Аллен отпирает не сразу, видимо, долго стоит у глазка, раздумывая, а стоит ли.

– Можно зайти? – вопрошающе поднимает глаза Ив, когда замок всё же щёлкает и дверь открывается. Аллен оглядывает его с головы до пят и спрашивает:

– Случилось что-то?

Ив отрицательно мотает головой. Аллен отступает, пропуская его в квартиру, и одновременно ногой отпихивает от выхода кого-то маленького.

– Какой симпатичный, – без улыбки говорит Ив, присаживаясь на корточки и беря на руки длинномордого щенка русской борзой.

– Ты как-то пошутил, что у меня будет собака, ну, я и решил, почему нет, – говорит Аллен, захлопывая дверь. Ив чешет щенку голову и тот шумно сопит от удовольствия.

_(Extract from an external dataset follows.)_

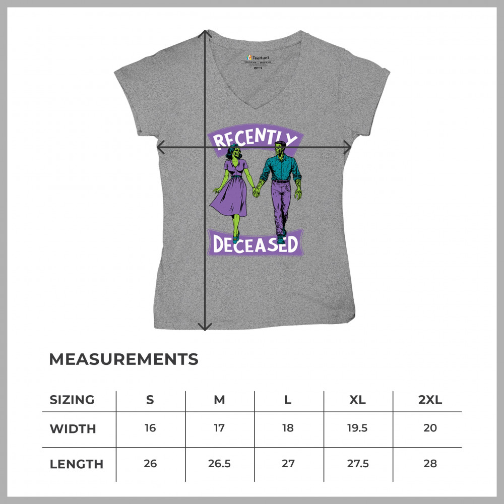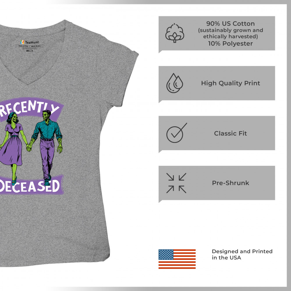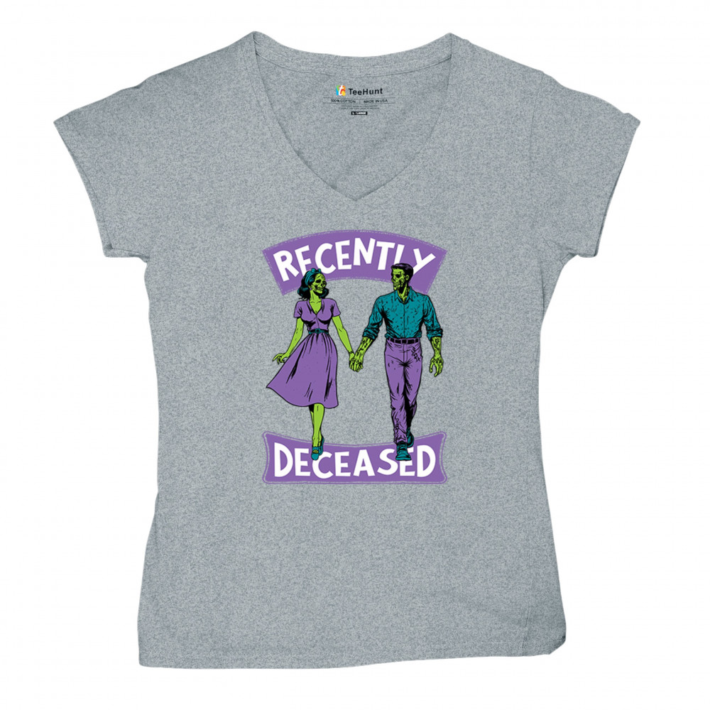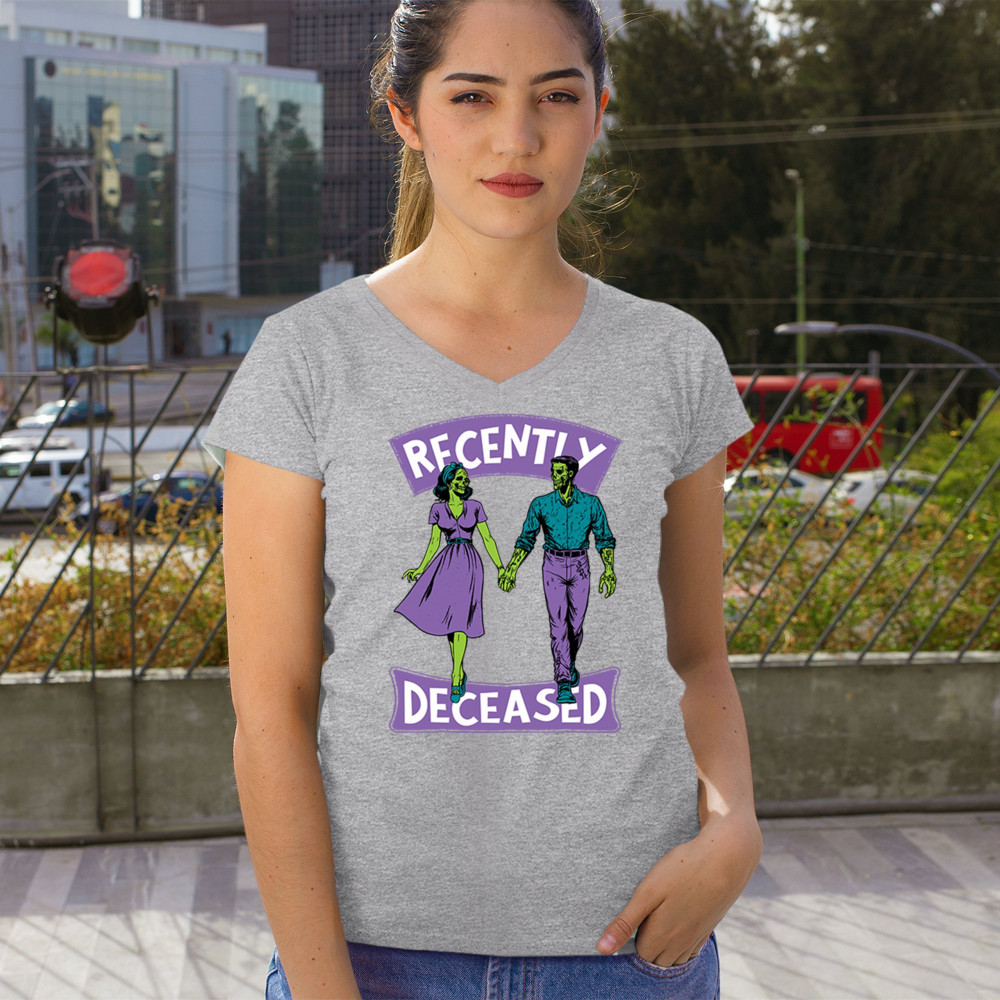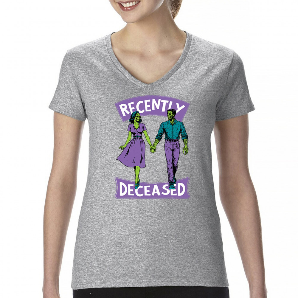 Recently Deceased zombie couple shirt with undead lovers design, spooky season humor, Halloween zombie outfit, and haunted house vibes.

– Я с Патриком поссорился, – как бы между делом бросает Ив.

– Ясно, – тянет Аллен. Делает паузу, подбирая слова. – Ты знаешь, я на самом деле даже рад. Может, теперь ты перестанешь бродить по улицам в боевой раскраске туземца.

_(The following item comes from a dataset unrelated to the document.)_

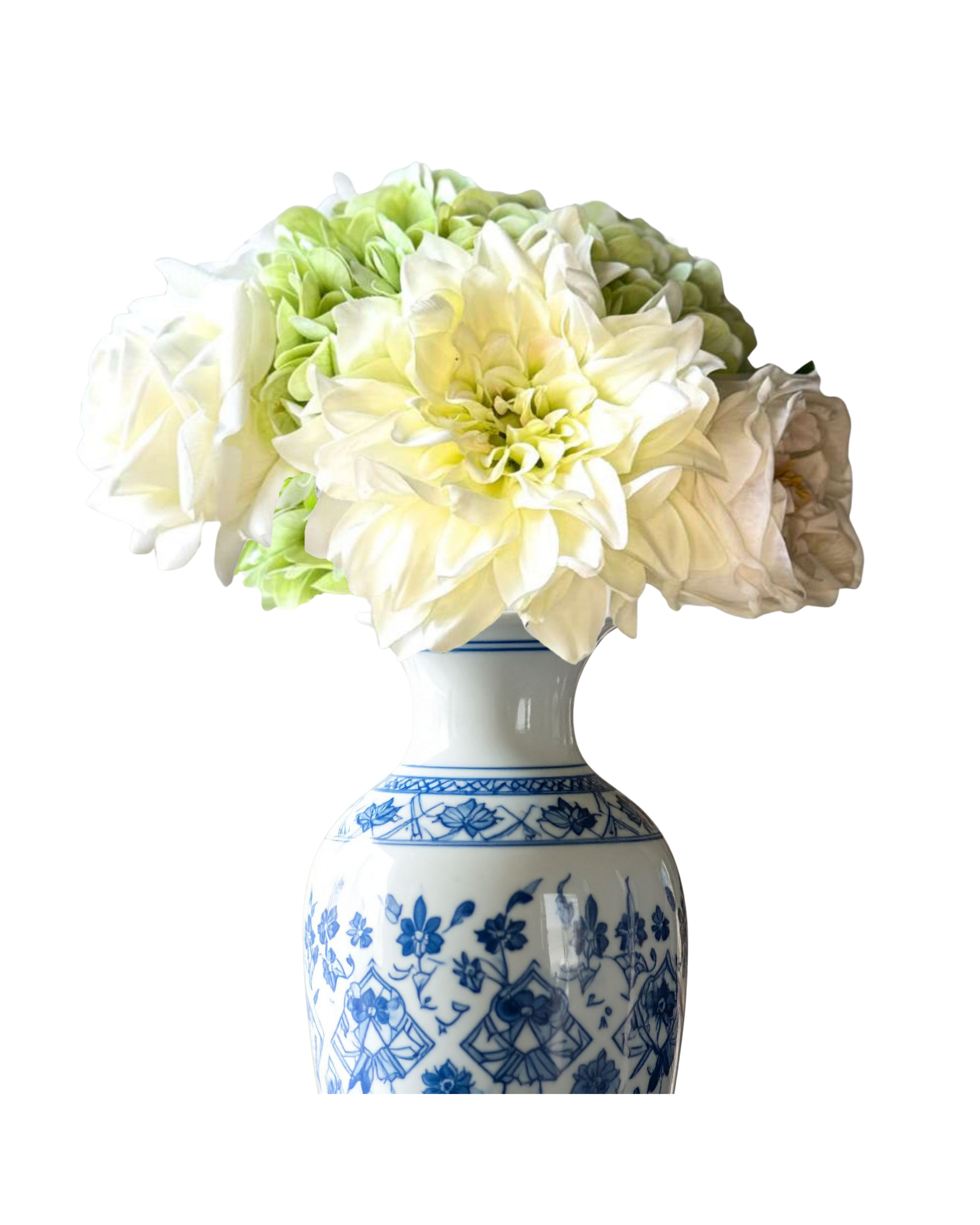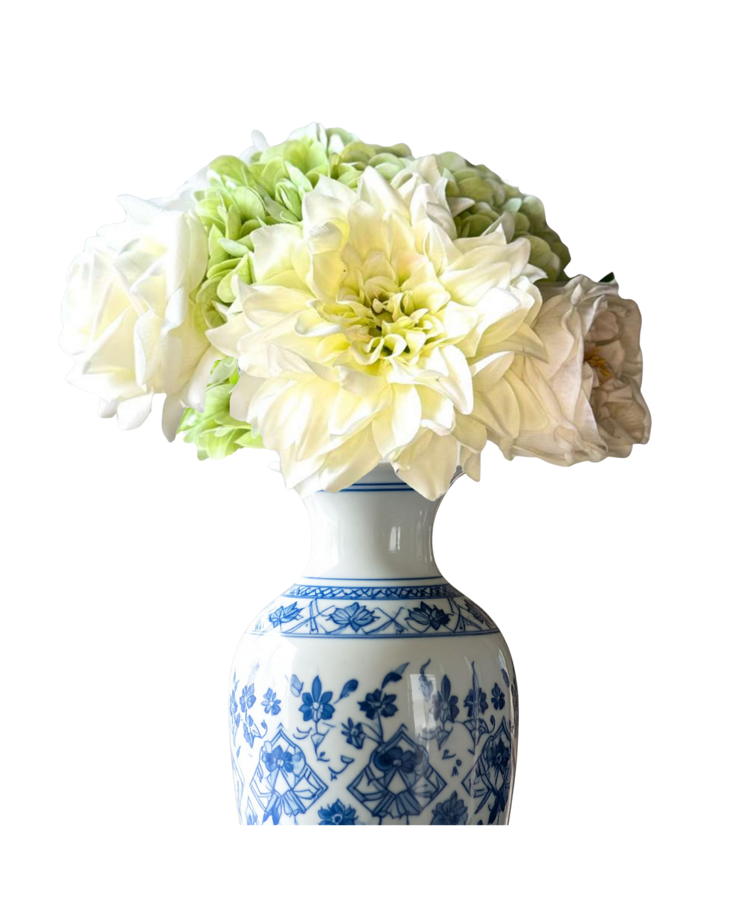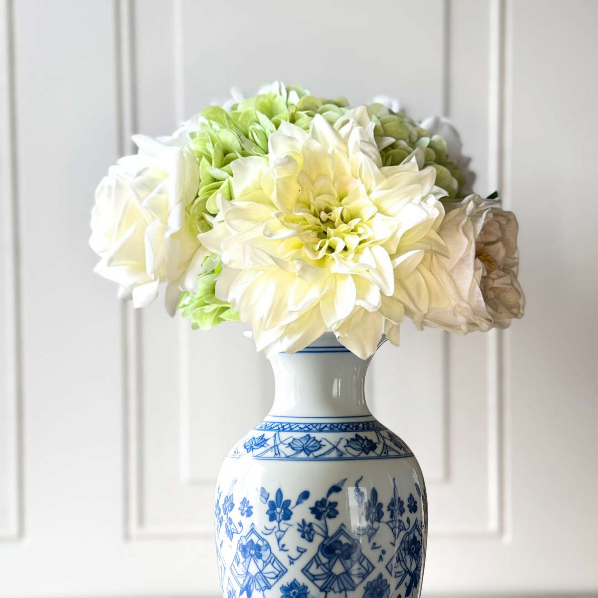 The Matcha Latte brings a fresh take on a neutral palette, blending soft whites with gentle chartreuse greens for a clean and calming look. More compact and low-profile than the Neutral Regency bouquet, it tucks beautifully into smaller spaces like a bedside table, desk, entryway shelf, or cozy reading nook. It also sits perfectly as a low centerpiece on a dining table without interrupting sightlines.

Не перестанет, но больше они об этом не говорят. Ив слоняется по квартире, курит, возится с собакой, подолгу рассматривает развешанные по стенам акварельные рисунки: наивно-солнечный Париж, каким его сохранил для обоих двадцатилетний студент Аллен Мартен.

Когда Ив наконец устраивается на диване и затихает, глядя в окно, Аллен, понаблюдав за ним немного, поднимается со своего места и уходит в другую комнату. А вернувшись, протягивает Иву что-то маленькое и изрядно потрёпанное.

– Ого, я думал, что потерял его, – Ив смотрит снизу-вверх на плюшевого медвежонка, которого Аллен держит в руках. – Давно он у тебя?

– С прошлой осени. Ты не искал, и я решил, что Бартоломью тебе больше не нужен. Как и я.

– Я искал, просто неловко было кому-то в этом признаваться.

То ли Ив всего лишь говорит о медвежонке, то ли вдруг разошёлся на откровенность – непонятно. Он бросает такие слова просто так, сказал – и уже забыл, рассматривает игрушку, наклонив голову набок, и спрашивает:

– Ты даже глаз ему пришил?

– Больно было смотреть, до какого состояния ты его довёл.

  Ив пытается забрать игрушку, но Аллен отдёргивает руку.

– Это вещь Ива де Валуа. Ты всё ещё он?

– Тень его.

Медвежонок падает Иву на колени, Аллен садится на диван рядом. Ив нервно мнёт игрушку в руках.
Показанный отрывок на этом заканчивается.